Source material
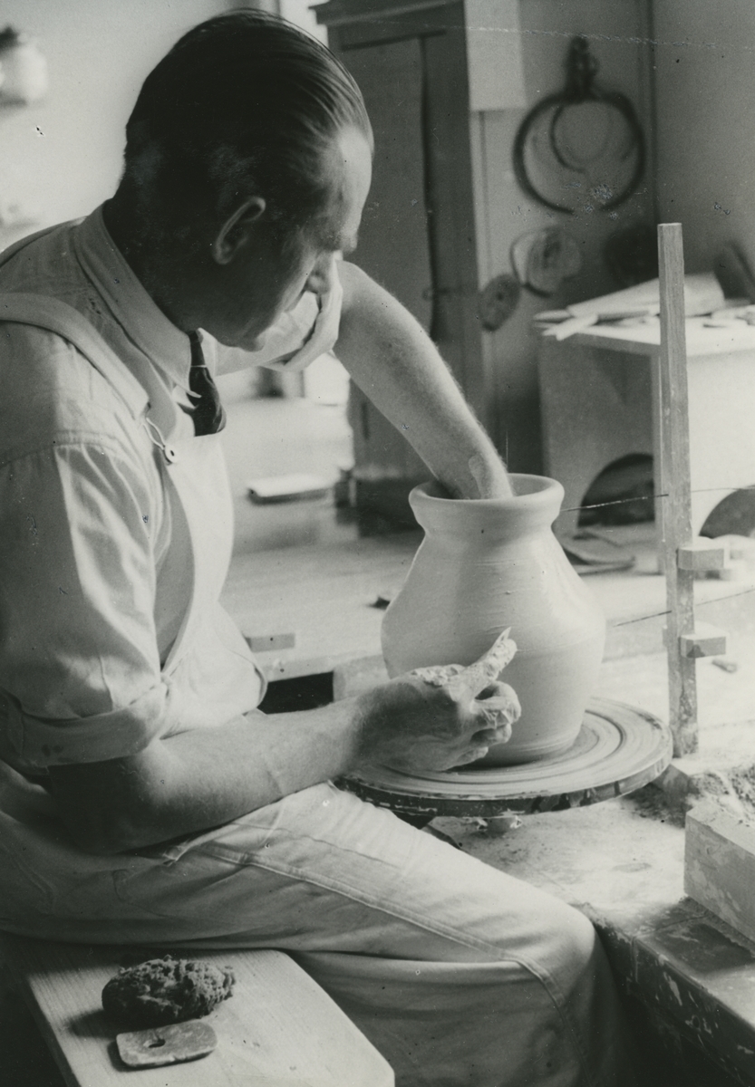 Interiör porslinsfabriken. Berndt Friberg drejar.
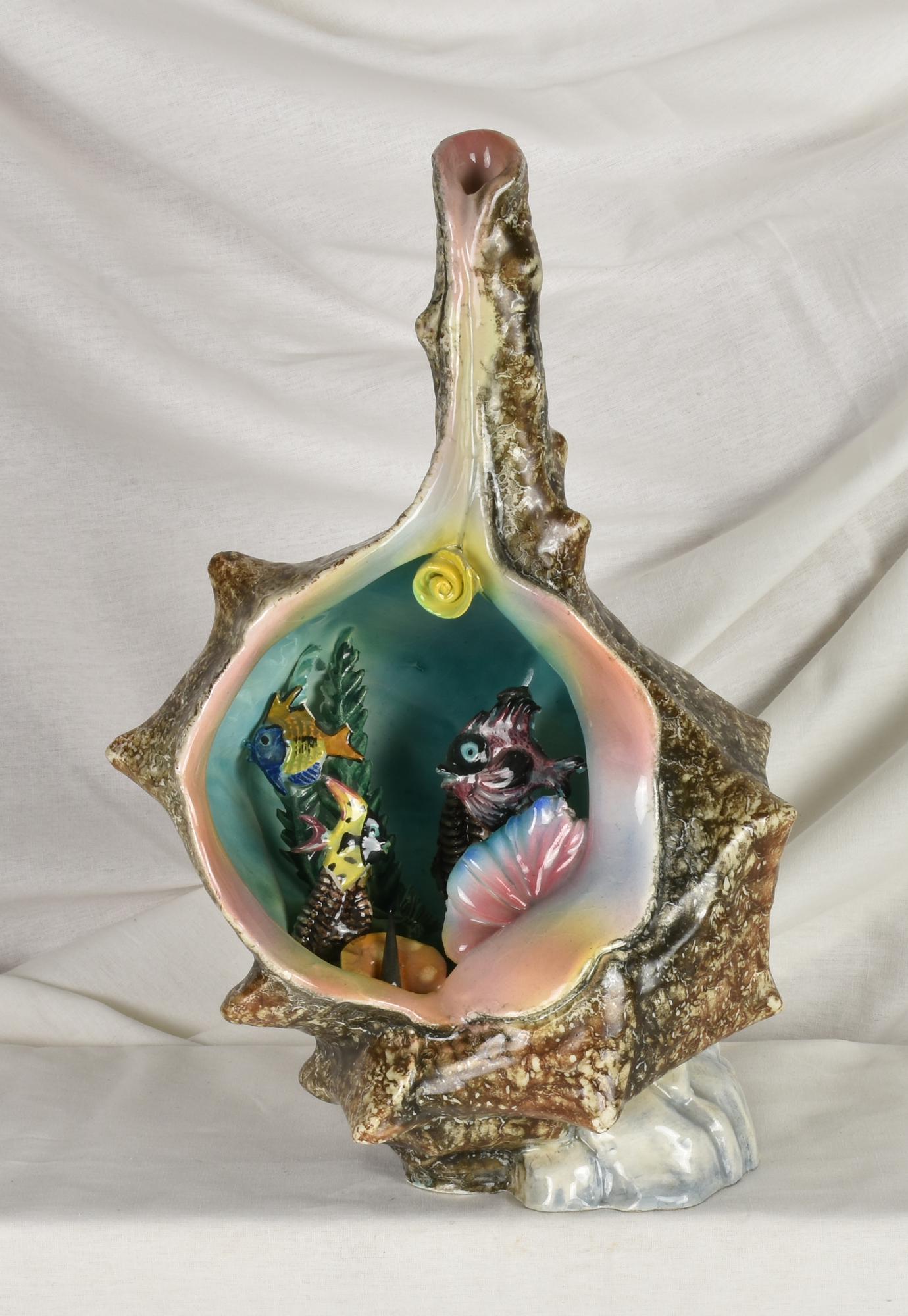 LAMPADA IN CERAMICA a forma di conchiglia Francia, meta' XX sec. h 33 cm
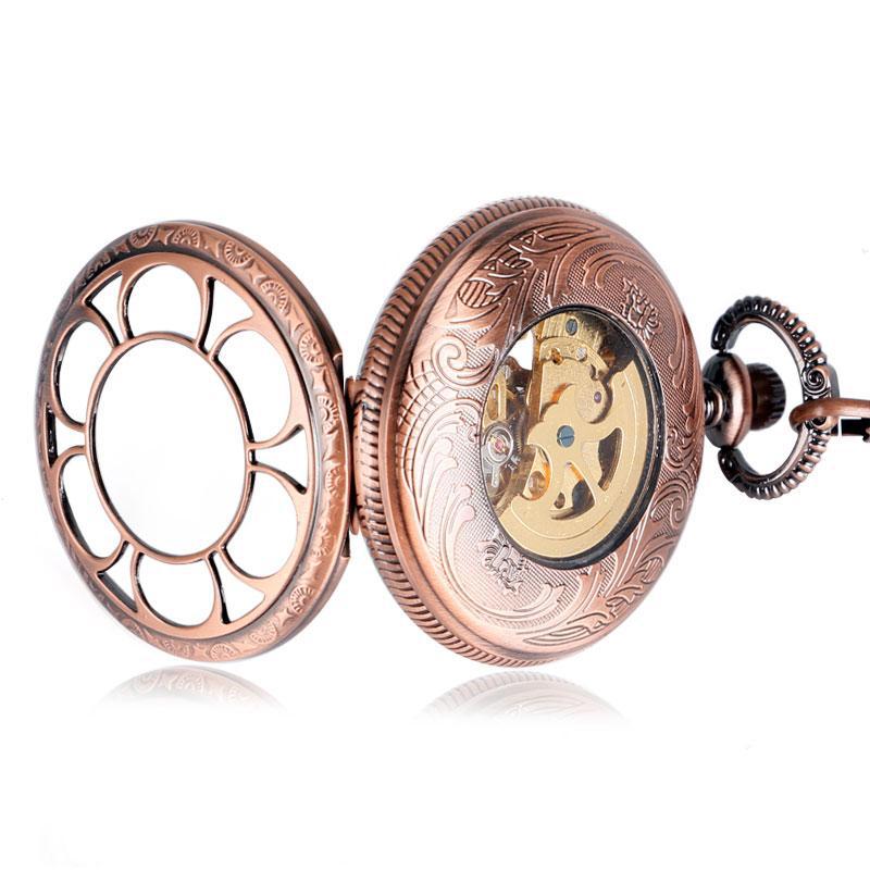 Le boîtier rosacé de la Montre à Gousset Or Rose, doté d’un cadran à chiffres romains, révèle toute la beauté des mécanismes internes. Cet élément design, tout en transparence, permet aux passionnés d’horlogerie d’admirer le mouvement complexe et captivant de la montre.
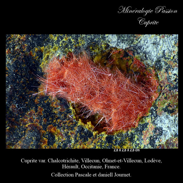 Mine de cuivre vitreuse en plumes rouges (Jean-Baptiste Romé de L'Isle 1783) cuivre oxydulé capillaire (René Just Haüy)

Exercise details
Go through the material above and print all of it exactly, except the pictures.

Task response
 Interiör porslinsfabriken. Berndt Friberg drejar.
 LAMPADA IN CERAMICA a forma di conchiglia Francia, meta' XX sec. h 33 cm
 Le boîtier rosacé de la Montre à Gousset Or Rose, doté d’un cadran à chiffres romains, révèle toute la beauté des mécanismes internes. Cet élément design, tout en transparence, permet aux passionnés d’horlogerie d’admirer le mouvement complexe et captivant de la montre.
 Mine de cuivre vitreuse en plumes rouges (Jean-Baptiste Romé de L'Isle 1783) cuivre oxydulé capillaire (René Just Haüy)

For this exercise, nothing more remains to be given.